Friday, October 31, 2008

Election Weekend Viewing



WHISKERS OVER WASHINGTON (1957) Crushed by his resounding defeat to FDR in the 1936 presidential election, a bitter Alf Landon (Kirk Douglas) retreats to his Kansas farm where, after a heavy night of drinking, he's befriended by a talking rat, Cyrus (voice of Desi Arnaz). The vermin promises to help Landon exact his revenge on the Washington establishment by raising a rat army that will overthrow the government, and install Landon as Rat King. The plan goes horribly awry when the rats are bottled up in tedious Senate subcommittee hearings about grain subsidies. Cyrus finds new life in the New Deal and is made head of the National Recovery Administration, while Landon retreats once again, spending the rest of his life trying to raise a moth army. WHISKERS OVER WASHINGTON is seen as a precursor of sorts to WILLARD, though strangely enough, its biggest influence was on SPLENDOR IN THE GRASS.

LET ME MAKE THIS PERFECTLY CLEAR (1978) A powerful alien gamma ray turns the entire US population into bad Richard Nixon impersonators -- save for Laurie Threet (Tatum O'Neal), a singing high school dropout who must make her way across the country to find the secret switch in Washington which will reverse the alien spell. The majority of the film shows Threet encountering Nixons at every turn, and she escapes each potential trap by posing as Nancy Sinatra, serenading the Nixons with such hits as "Sugar Town" and "Some Velvet Morning," a duet she performs with a mechanic-turned-Nixon, Steve Hushman (William Shatner), in an elaborate June Taylor number staged atop a huge tape recorder. By the time Threet reaches Washington, the aliens (Frank Gorshin and Scatman Crothers) have grown bored, and turn America into France, ending on a close up of Jerry Lewis swallowing a glass and yelling "Mon Dieu!" at a baguette. Two years later, this film was parodied in the gay porno classic, LET ME MAKE THIS PERFECTLY HARD.

LINCOLN WAS A JEW (1938) A curious, 22-minute animated film from Walt Disney, which disappeared after Pearl Harbor, but made a minor comeback in the 1960s. Donald Duck is hit in the head by rampaging union strikers and imagines that he travels back in time to Lincoln's White House. There Donald discovers the "hidden truth" about the so-called Honest Abe, from drinking the blood of abolitionists to bizarre late night Satanic rituals in the bedroom that would later bear Lincoln's name. After Lincoln tells Donald that he's going to free the slaves so that they can be used as muscle against white Christians, clearing the way for a United Zionist States, Donald returns to the present and helps lead a military crusade against the Soviet Union, causing Lincoln in Hell to vow ultimate revenge. Reportedly, this short was a favorite of Curtis LeMay's, who screened it for George Wallace, earning him the VP slot on the American Independent Party's 1968 ticket.
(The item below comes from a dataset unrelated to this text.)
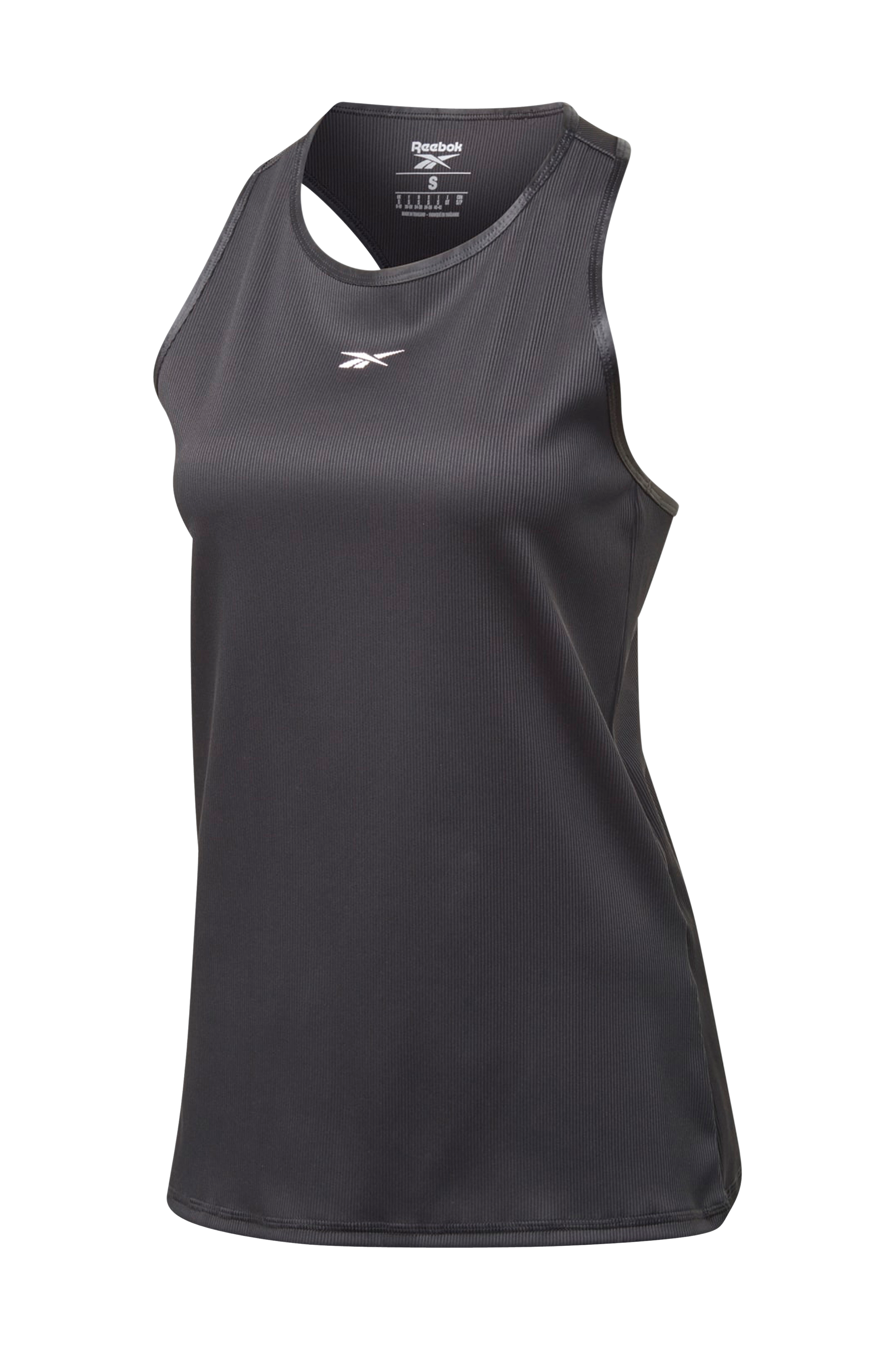 Treningssinglet, Mamma, Studio Maternity Restorative Tank Top fra Reebok Performance. Et mammatrøye designet for trening og yoga under graviditeten. Det ribbestrikkede materialet tilpasser seg den voksende magen. Med Speedwick-teknologi som transporterer bort fukt, og holder huden tørr og sval.

THE HONKIEST MILITANT IN AMERIKA (1971) Dejected loner Leigh Harry Oswood (Don Knotts) decides to kill the popular, charismatic President Caroway (Hugh O'Brian) in order to win the heart of Janet Pickin (Ruta Lee), a swinging file clerk who barely knows that Oswood exists. Having no experience with firearms, Oswood buys his way into the Black Panthers, promising Comrade Africa (Sherman Helmsley) his novelty stamp collection in exchange for paramilitary training. An FBI agent gone rogue, Africa strings Oswood along, resulting in numerous slapstick situations, from having to eat a disassembled M-16, to practicing the raised fist salute in a very tiny room, causing the ceiling to collapse. Soon, Oswood falls in love with Sistah Shasta (Leslie Uggams), a Maoist militant who's even clumsier than Oswood. They run off together and open a belt repair shop in San Jose, where Oswood gets involved with a right wing LSD cult, inspiring him to battle fluoridation, holding the city council hostage using an inbred Great Dane strapped with dynamite.

THE MAN WHO SAID "MAYBE" (1988) Low budget documentary look at Rep. Conner Kaye of Florida, regarded as the most indecisive Congressman in US history. So baffled by choice is Kaye, that during staff meetings, he often pretends to be a tall plant in the corner, or an obnoxious character called Victor, who drinks openly from a whiskey bottle and threatens to kill anyone who looks him in the eye. Amazingly, Kaye's constant waffling makes him popular with his constituents, remnants of a secret government population transfer experiment in the 1950s, and he is continually re-elected, oftentimes unopposed. The film falls apart once Kaye realizes he's being filmed, running down alleys, crawling under beds, jumping off porches, and ends with stock footage of a Venus Flytrap snaring a bee.